When I was a kid, I had to cut the grass at our house. It was in the deep suburbs of Washington, D.C., and we had a big front yard. As in, we used to play baseball on it. So I’d drag the lawnmower out of the carport, look all the way out to home plate, and… sigh.
You know what that sounds like. Keep that sound in your head.
There I was at the Oaks in Emeryville a few nights ago. It was the normal $3/5 no-limit hold’em game. Except that we were playing a “winner straddle,” meaning that whoever won the last pot would put out a $10 straddle, and the action started to that person’s left. Many other rooms formalize this with a device known as a “rock” – it’s the same thing.
This time, the straddle is under-the-gun-plus-2 (UTG2), so the action starts UTG3. After a couple of folds, the guy in the hijack seat opens to $20. Wait, what? Yeah, he’d been doing that all evening, including with aces. Apparently, he didn’t get the memo that when there’s a straddle, that’s the new big blind. All your opening raise sizes should be adjusted to the straddle ($10 in this case) and not the official big blind ($5).
Anyway, he opens for $20. I have A♦️K♠ next to act in the cutoff and 3-bet to $90. “That’s a pretty big 3-bet, Lee.” Yes, it is, but I needed to make up a bit for the tiny opening raise. A normal 3-bet to a $20 open would be more like $60-70, but I wanted the pot heads-up, and didn’t want to offer an attractive price to people behind me. Also, I probably had the best hand and he wasn’t likely to fold – it’s always good to print Sklansky$.
Anyway, my plan works, the original raiser calls without hesitation, and we go to a flop heads-up with $190 in the pot. I watch him, not the flop, and am a little surprised to see him lead right into me for $100. Hmmm – that must be an interesting flop. I look at the flop, it’s A♣-Q❤️-T♦️.

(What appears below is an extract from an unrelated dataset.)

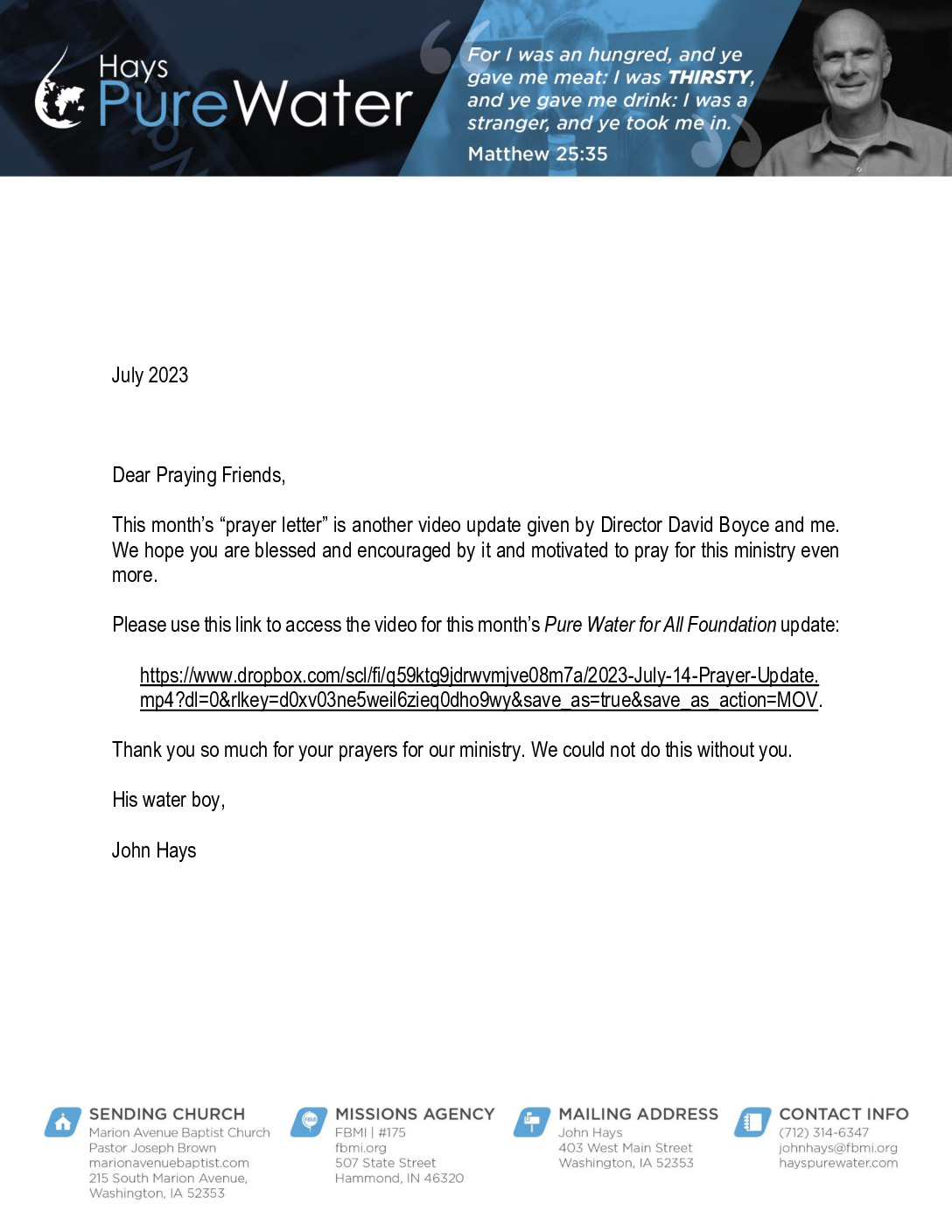 View Larger Image John Hays July 2023 Prayer Letter Proofreader2023-07-20T18:50:07-05:00July 20th, 2023| Share with others. FacebookXLinkedInEmail

On that board, he just led right into me after I 3-bet? Folding seems out of the question, and raising slightly suicidal given his line, so I call.

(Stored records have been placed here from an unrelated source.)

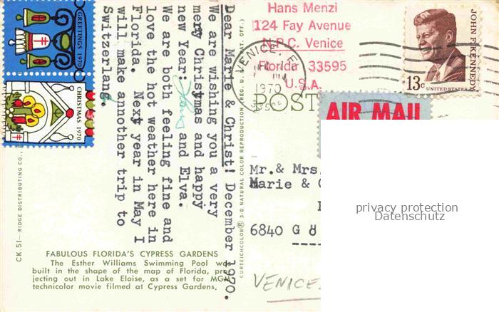 74118016 old postcard Venice Florida USA Floridas Cypress Gardens The Esther Williams Swimming Pool postalisch gelaufen Erhaltung siehe scans [WerneD78] KatCode: 14140110000000
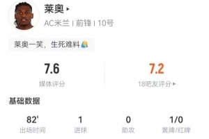 體育資訊2月19日訊 米蘭在本輪意甲對陣科莫,萊奧本場數據如下:
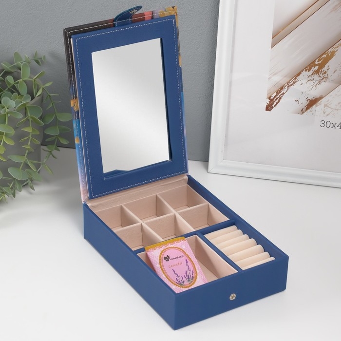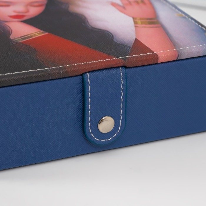 Шкатулка кожзам для украшений с зеркалом "Девушка с хаски" 15х21,5х5,5 см
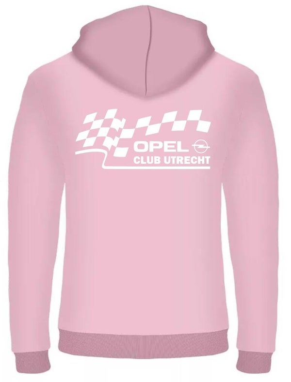 Rose dames hoodie met logo "Opel Club Utrecht" op borst en rug
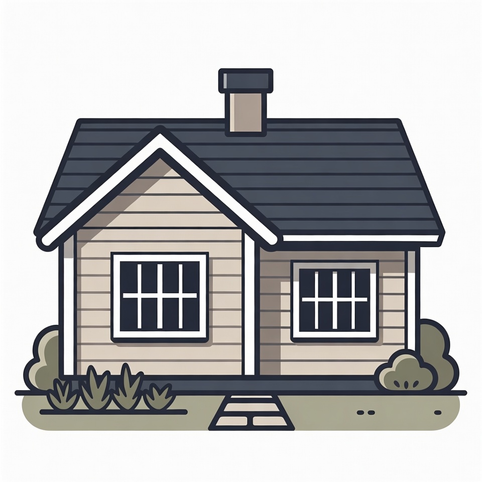 A simple line art illustration of a beige house with a dark gray sloped roof and chimney. It features two front windows, shrubs on both sides, and grass with steps at the base. The house is depicted on an isolated white background.
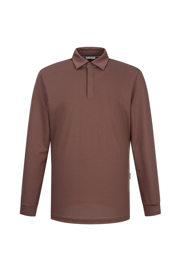 히든마이 솔리드 Y카라 티셔츠 브라운 (AM0EKS10157)

With $390 in the pot, I watch him again while the dealer puts out the turn card.
His shoulders slump, and I hear the most terrifying sound you can hear at the poker table: he sighs.

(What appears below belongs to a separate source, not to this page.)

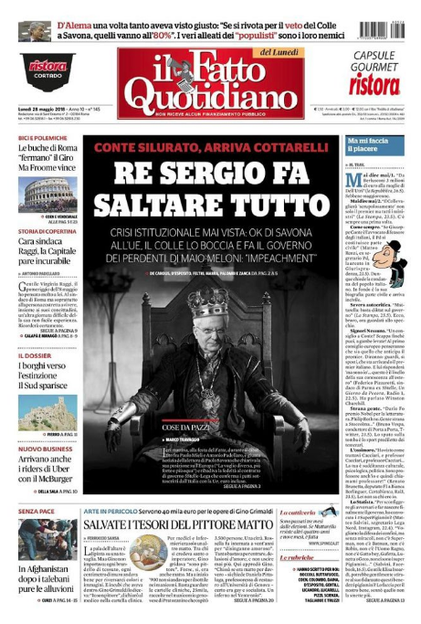 Anche Fratelli d'Italia giudicò la scelta di Mattarella come un tradimento della sovranità nazionale e una capitolazione a Bruxelles. I tweet contro il capo dello stato erano lo specchio di un'opinione pubblica fortemente polarizzata, anche a causa della campagne contro il presidente della Repubblica portate avanti da alcuni giornali come il Fatto quotidiano (in basso la copertina del 28 maggio), Libero e Verità.

Remember the sound I told you to keep in your head? That sound that I’d make as a 12-year-old, staring out over an unkempt sea of green in front of our house? Yes, that sound. And then he bets $240.
I turn and look at the board. The board is now A♣-Q❤️-T♦️-K❤️ . I’ve just turned top two pair. I look at him, and his shoulders are still slumped, but he’s silent.
I make the most obvious, easiest play I’d make all evening: I slide my cards, face down, toward the dealer.
My opponent in this hand, he’s a great guy to have at the table. He’s pleasant, he’s courteous to the dealers and staff, and tips well. Whether he wins or loses, he’s welcome in any game I’m in. But beyond that, he has another great attribute: when he wins a hand without having to show, he shows anyway. Maybe he’s proud of the poker gods smiling on him – I don’t know.
But he gently turned up A❤️ J♦️ and pushed those cards, and $3, to the dealer. A gentleman and scholar in every respect.
There are few things in this world that you can count on. Furthermore, poker players are notorious liars, prevaricators, and dissemblers. But once in a while, the truth shines through like a xenon headlight, and I promise you – ladies and gentlemen, I promise you – that when they sigh, they have it.
And conveniently, there’s an action that comes with it, just to eliminate any soupçon of doubt in your mind: a big bet. My opponent bet 60% of the pot on the turn, and I’m sure he would have shoved his remaining $500 on the river, had I been silly enough to call the turn.
Visualize a bright Saturday morning in April, with baseball season just getting underway. And a 12-year-old boy contemplating spending the next two hours of his life cutting grass instead of a dozen better things he could be doing. Visualize the sound that boy makes.
Then when you hear that sound, fold.